[Stored data entries]
=== Section Start ===

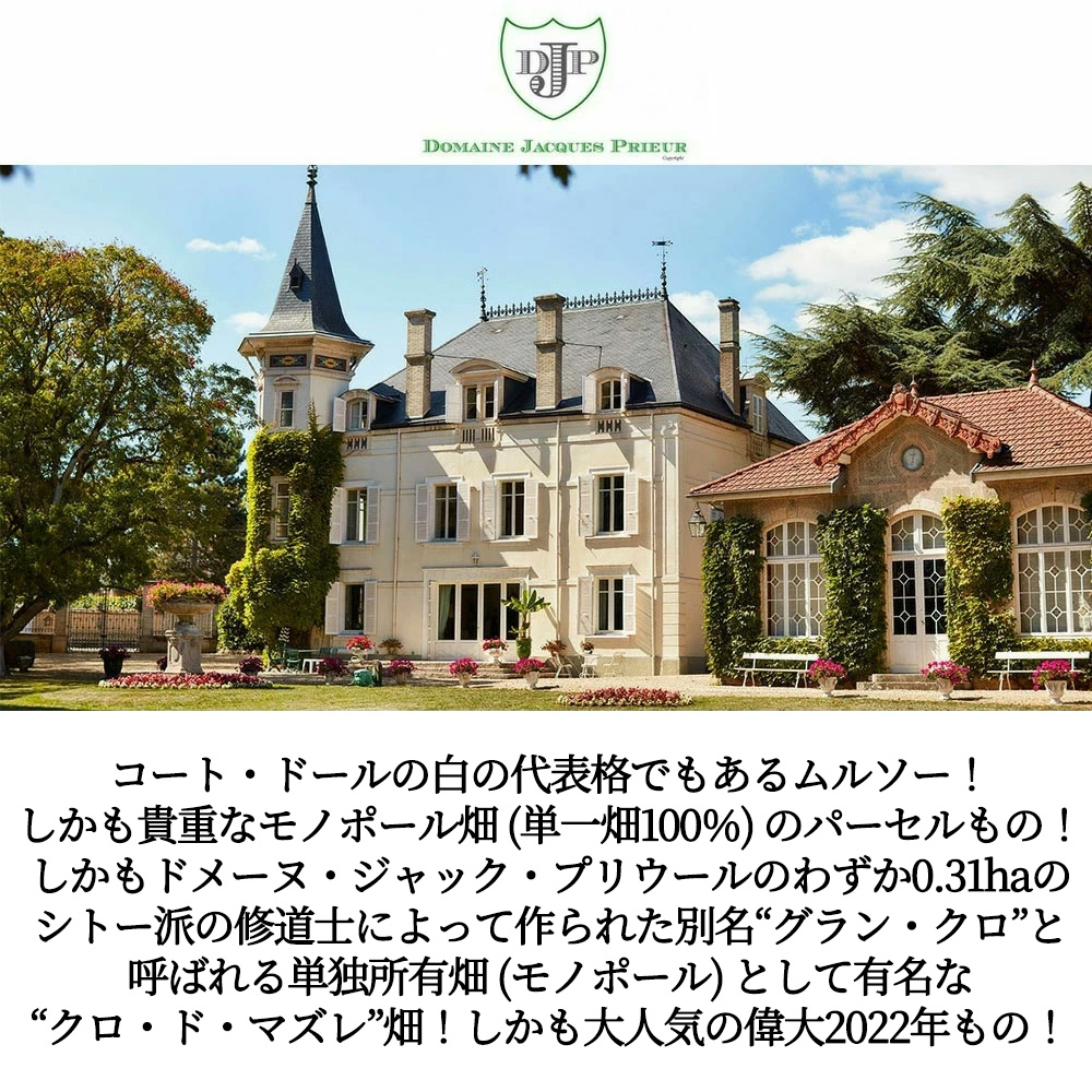 【商品名】ムルソー・“クロ・ド・マズレー・”(モノポール畑)・ブラン[2022]年・蔵出し作品・ドメーヌ・ジャック・プリウール元詰・手摘み100%・オーク樽驚異の20ヶ月熟成・マロ醗酵100%・(単独所有畑)・AOCムルソー・正規品・アランメドウのバーガウンド驚異の88-91点・重厚ボトル
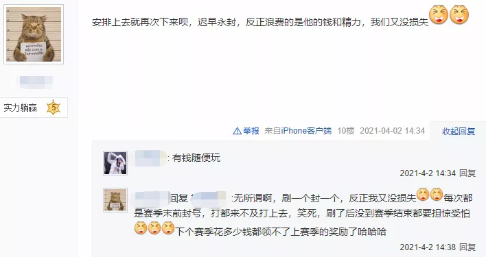 网友纷纷回复说“这是此地无银三百两!”“自爆卡车来啦”“如果楼主真的误封,可以去拳头官网申诉一下”
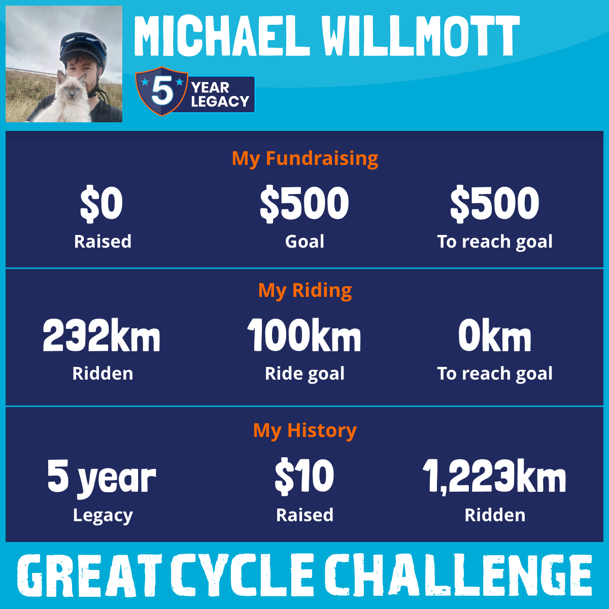 I am riding 100 km for John. Please sponsor me and support my challenge to fight kids' cancer and save little lives.
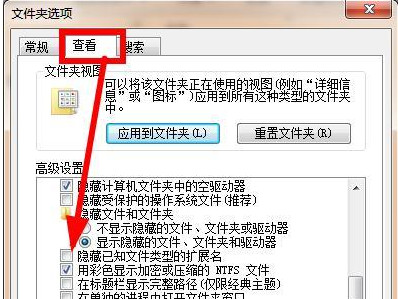 第十二步:在文件夹选项中,设置查看选项,将“隐藏已知文件的扩展名”取消勾选,这样我们就可以看到文件的扩展名
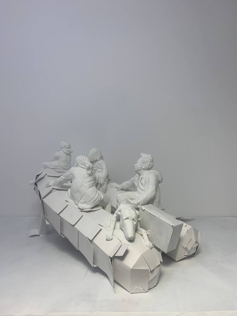 'Leaving Happy Island' belongs to a series of 8 sculptures called 'Happy Island' made between 2018 and 2021 and exhibited several times in 2021 and 2022. Happy Island is a report of an imaginary family trip to a deserted island. In this piece, te spectator sees the family leaving the Island.
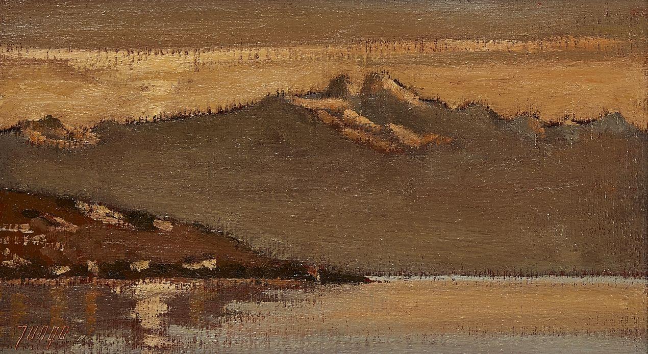 Aube à Cully, huile sur panneau, signée, 18x33 cm
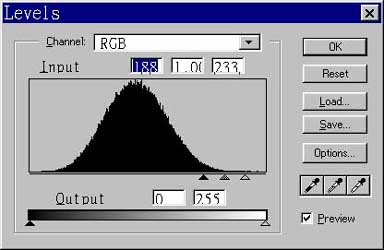 5.使用(Image)-(Adjust)-(Levels)来将Input中的黑/灰三角型调至右方以将画面去除多余的白点。
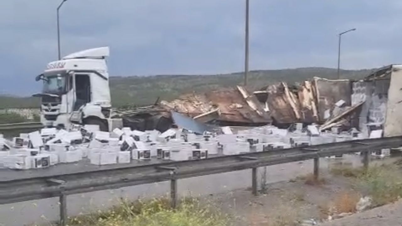 Kadir ÇELİK/NURDAĞI (Gaziantep), (DHA)- GAZİANTEP’in Nurdağı ilçesinde, çikolata yüklü TIR'ın dorsesi devrildi.
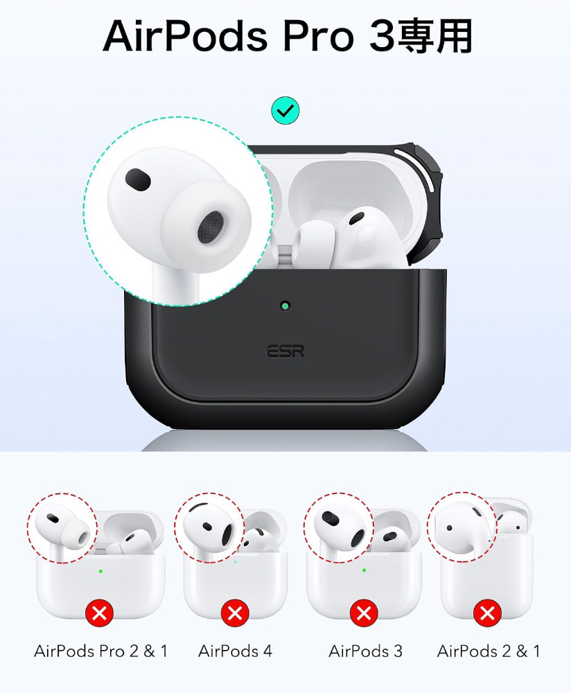 本ケースカバーはAirPods Pro 3(2025年モデル)のみ対応。イヤホン本体と充電ケースは含まれていません。
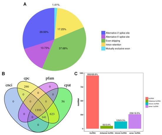Alternative splicing and lncRNA analysis. (A) Classification of alternative splicing events and the proportions of each type of alternative splicing. (B) The numbers of lncRNAs determined by four software analysis programs. (C) Proportions of the four kinds of lncRNAs classified.
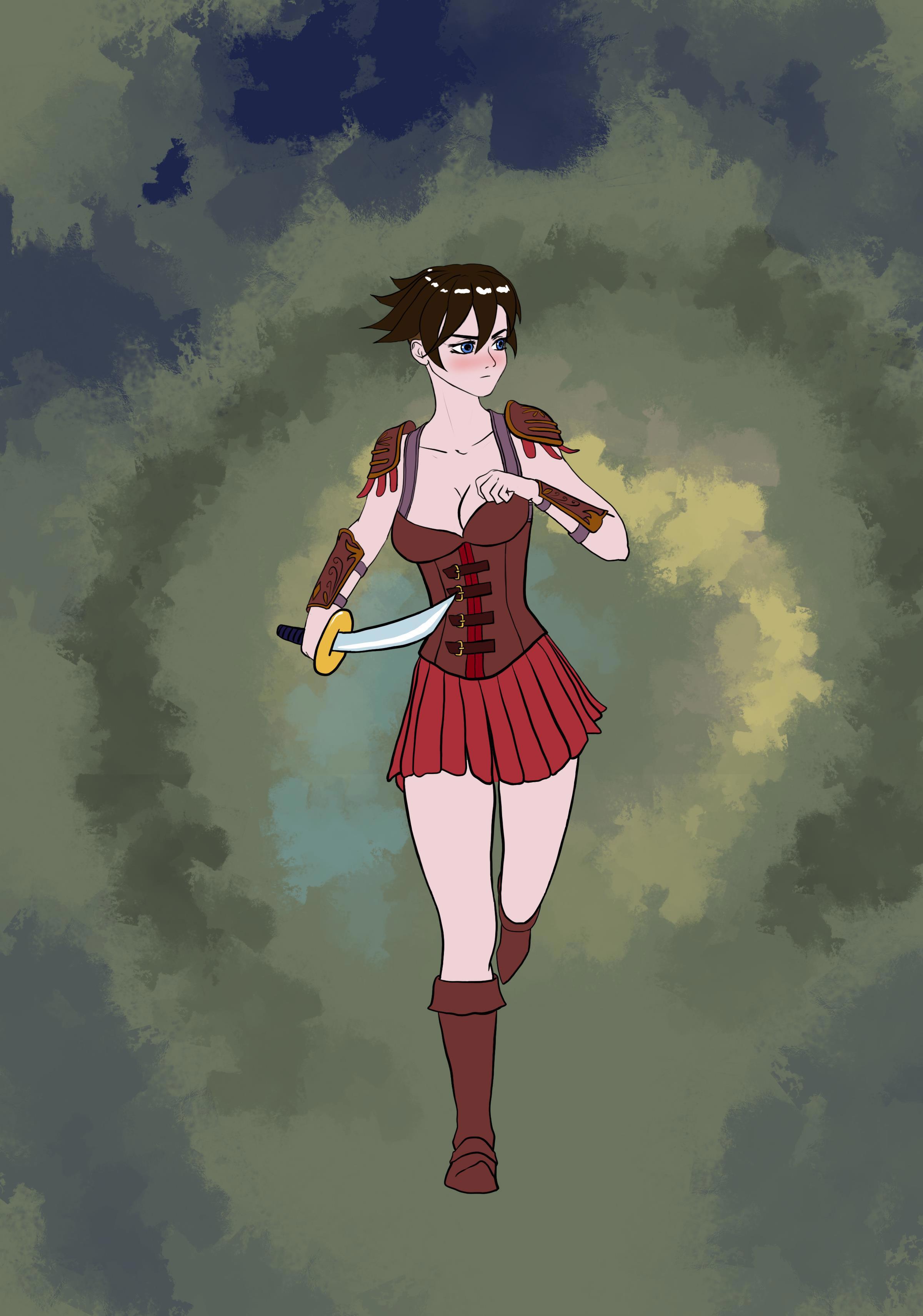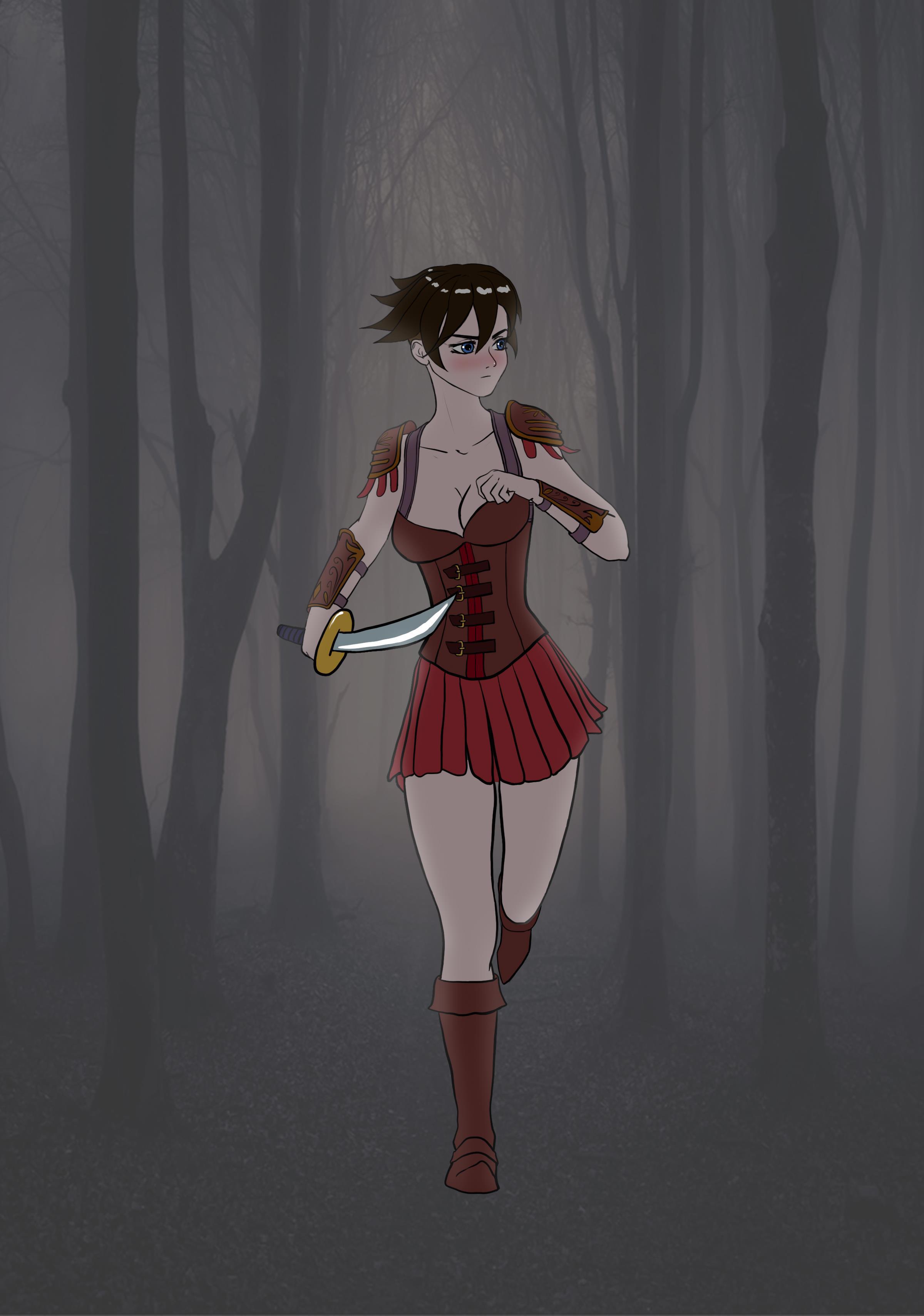 Непосредственно на обложки поступило два заказа. В первом случае был рассказ Манула Яростного "Арена крови". На этой обложке сразу же сказалось моё неумение рисовать сложный фон, в частности, мне так и не удалось изобразить ночной лес, поэтому пришлось использовать фото:

=== Section End ===

## Activity
Nothing but an exact copy is asked for: the lines from the start of the records through the line with "本ケースカバーはAirPods Pro 3(2025年モデル)のみ対応。イヤホン本体と充電ケースは含まれていません。", both ends included, minus any pictures.

## Response to the exercise
 【商品名】ムルソー・“クロ・ド・マズレー・”(モノポール畑)・ブラン[2022]年・蔵出し作品・ドメーヌ・ジャック・プリウール元詰・手摘み100%・オーク樽驚異の20ヶ月熟成・マロ醗酵100%・(単独所有畑)・AOCムルソー・正規品・アランメドウのバーガウンド驚異の88-91点・重厚ボトル
 网友纷纷回复说“这是此地无银三百两!”“自爆卡车来啦”“如果楼主真的误封,可以去拳头官网申诉一下”
 I am riding 100 km for John. Please sponsor me and support my challenge to fight kids' cancer and save little lives.
 第十二步:在文件夹选项中,设置查看选项,将“隐藏已知文件的扩展名”取消勾选,这样我们就可以看到文件的扩展名
 'Leaving Happy Island' belongs to a series of 8 sculptures called 'Happy Island' made between 2018 and 2021 and exhibited several times in 2021 and 2022. Happy Island is a report of an imaginary family trip to a deserted island. In this piece, te spectator sees the family leaving the Island.
 Aube à Cully, huile sur panneau, signée, 18x33 cm
 5.使用(Image)-(Adjust)-(Levels)来将Input中的黑/灰三角型调至右方以将画面去除多余的白点。
 Kadir ÇELİK/NURDAĞI (Gaziantep), (DHA)- GAZİANTEP’in Nurdağı ilçesinde, çikolata yüklü TIR'ın dorsesi devrildi.
 本ケースカバーはAirPods Pro 3(2025年モデル)のみ対応。イヤホン本体と充電ケースは含まれていません。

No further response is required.